Infine, il Sommo poeta arriva in Paradiso, che è “il grande, sterminato regno dell’inconscio, del Sé, in cui l’inconscio non è più il nemico della coscienza ma ne è il completamento. Dove l’inconscio non è quello che si impossessa della coscienza e la inibisce, ma è quello che espande, che dilata la coscienza. È il regno dell’integrazione, dell’espansione, del superamento di se stessi”. Il Paradiso che termina con il centesimo canto, a cui è dedicata la relazione con la quale Widmann chiuderà il convegno, un canto che “è la descrizione poetica del concetto del sé, che è prima di tutto- chiarisce l’analista- un luogo di antinomia, di contraddizioni. Il canto comincia, come molti di noi ricordano, con una sorta di invocazione che è un concentrato di contraddizioni: ‘vergine madre, figlia del tuo figlio’. Questa, in una lettura simbolica, non è soltanto una descrizione di tipo religioso, ma è la descrizione dell’assetto psichico delle antinomie, di quegli aspetti inconciliabili di cui siamo impastati tutti. E il canto procede- aggiunge Widmann- con la difficoltà di tenere insieme queste cose. Dante lo dice bene scrivendo ‘mi ritrovai come quel geometra che cerca la quadratura del cerchio’, che cerca quel principio che gli manca e gli mancherà sempre”. Un principio che manca a tutti gli esseri umani, sottolinea l’esperto, “perché tutti noi non sappiamo come fare a essere contemporaneamente buoni e cattivi, onesti e disonesti, eppure se siamo onesti con noi stessi dobbiamo dire che siamo entrambe le cose. Ma siccome siamo disonesti, non ce lo diciamo mai”.

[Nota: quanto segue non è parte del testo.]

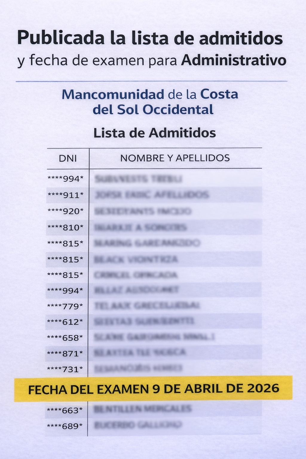 Lista definitiva de admitidos y fecha de examen para Administrativo en la Mancomunidad de la Costa del Sol Occidental
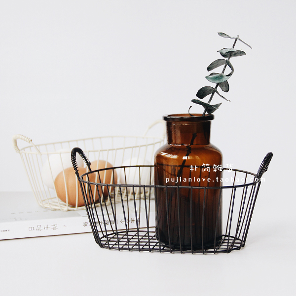 / 樸簡 復古鐵藝提手收納籃子筐桌面收納置物籃水果面包籃拍攝道具
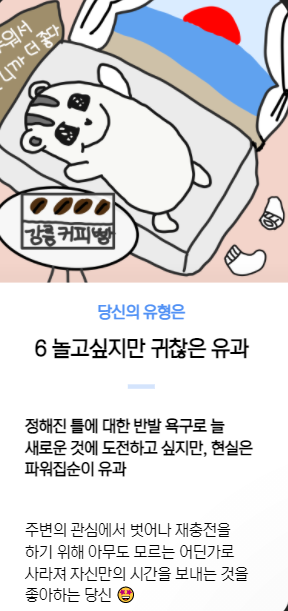 나 이거 했는데 엄마랑 오빠랑 셋 다 완전 다르게 나옴...ㅋㅋㅋㅋㅅㅋㅅㅋㅅㅋ 엄마 난 누워있고 싶다구,,,
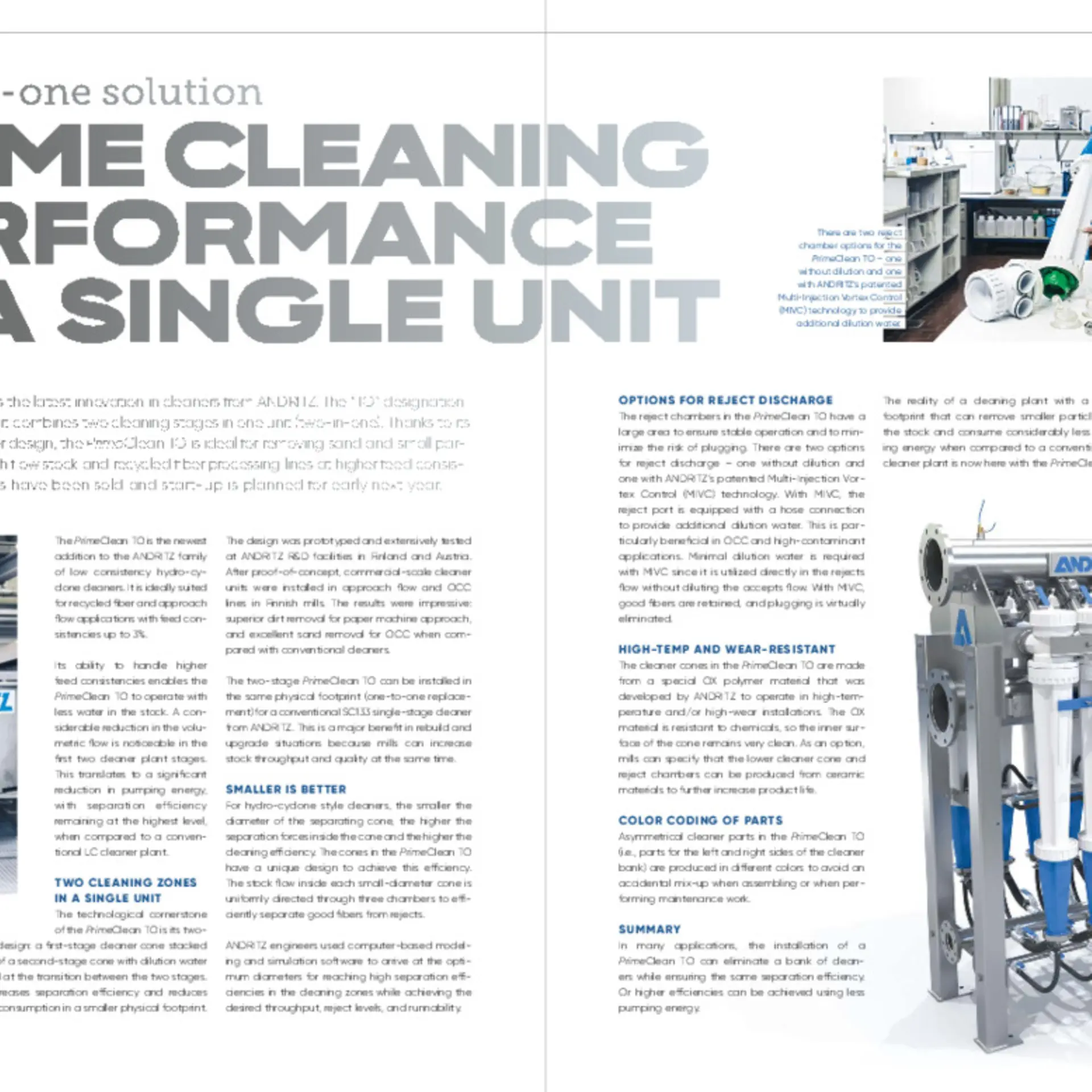 The design was prototyped and extensively tested at ANDRITZ R&D facilities in Finland and Austria. After proof-of-concept, commercial-scale cleaner units were installed in approach flow and OCC lines in Finnish mills. The results were impressive: superior dirt removal for paper machine approach, and excellent sand removal for OCC when compared with conventional cleaners
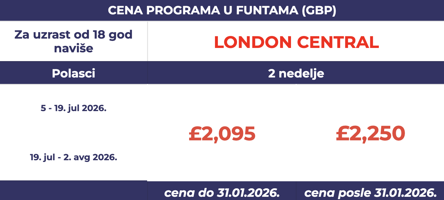 Sadržaj: radnim danima pre podne razgledanje znamenitosti Londona u svemu prema programu, posle podne pohađanje nastave u odabranom koledžu u Hajgejtu ili centralnom Londonu; subotom ekskurzije u Oksford i Greenwich, sve uključeno u cenu i bez skrivenih troškova.
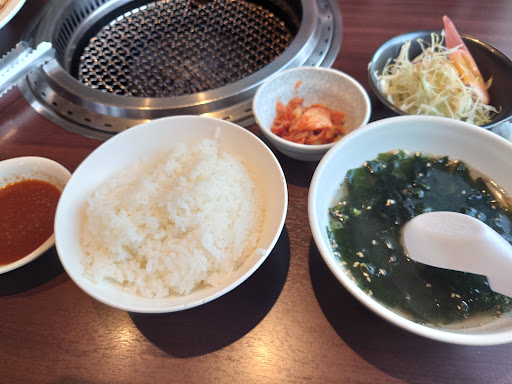 Read more2023年2月から、ランチは少し値上げしています。2023年5月、土日祝日のランチ廃止、お昼は通常メニューのみになりました。平日のランチはいつも満席。焼肉ランチEセット(牛カルビ、牛ロース、和牛ホルモン)を注文。ライスおかわりOK、スープ(たまご、ワカメ、味噌汁から選べる)、サラダ、キムチ、ドリンクつき。まず、スープの器がデカい。カルビ、ロースともに肉々しい。ホルモンにはミノも入っていたが、ぷりぷりでジューシー。キャベツもたっぷり。美味しかった。美味しかった。この値上げが当たり前の時期にこのお値段は凄くない?しかも、ご飯おかわりOKなんて、太っ腹すぎます。夜にも訪問したい。ランチで再訪。しょうが焼き定食と豚カツカレーを注文。定食はご飯の量半端ない。お肉の味付けもGood。カツカレーは、ご飯の量が、大中小から選べました。写真は中ですが、大盛りだとこれまた半端ないんだろうな。ルーは甘口だけど、お肉の切れ端がたくさん入っていて美味しかった。また来ます。 日曜日に再訪。お昼は焼肉ランチのみですが、お客さんでいっぱいの店内。日曜だからといってランチの金額アップなくいつもと同じお値段。烏龍茶のおかわりもでっかいピッチャーで頂けます。ここよりコスパいい焼肉屋さんないで...

Soprattutto in quest’ultimo canto, tiene a sottolineare Widmann, “si può cogliere bene come quello che Dante cerca, e in questo è fedelissimo a Jung sei secoli prima, non è il principio di individuazione inteso come l’essere massimamente se stesso. Se individuazione significasse essere massimamente se stessi,  allora, come dice il grande relatore del nostro convegno Murray Stein, dovremmo concludere che Hitler è stato massimamente individuato, perché è stato il distruttore perfetto. Ma Dante- prosegue il coordinatore scientifico- come Jung, ci dice una cosa: individuazione non è diventare massimamente se stessi, è diventare pienamente se stessi, essere noi con tutta la nostra complessità e con tutte le contraddizioni”.

Secondo Widmann, “Hitler era consapevole di voler sterminare gli ebrei e se noi diciamo che Hitler ha realizzato veramente, al massimo grado in cui è riuscito, la sua indole di sterminatore, ammesso che questa fosse davvero la sua indole (abbiamo sempre il limite di non averlo conosciuto di persona), allora Hitler dovremmo ritenerlo una persona individuata”. Per l’analista junghiano “il punto è che se davvero Hitler, come ciascun individuo, è una complessità psichica, nel momento in cui si realizza totalmente come sterminatore, rimane totalmente inespressa la sua potenzialità di solidarietà, di comprensione, di compatimento. I gerarchi nazisti che- ricorda- ordinano lo sterminio di migliaia di persone e piangono per la morte di due canarini, hanno totalmente dissociato la capacità di commozione; hanno sviluppato in maniera unilaterale la loro componente distruttiva e non hanno realizzato in nulla la loro parte costruttiva, mancando di attualizzare la totalità psichica del Sé”.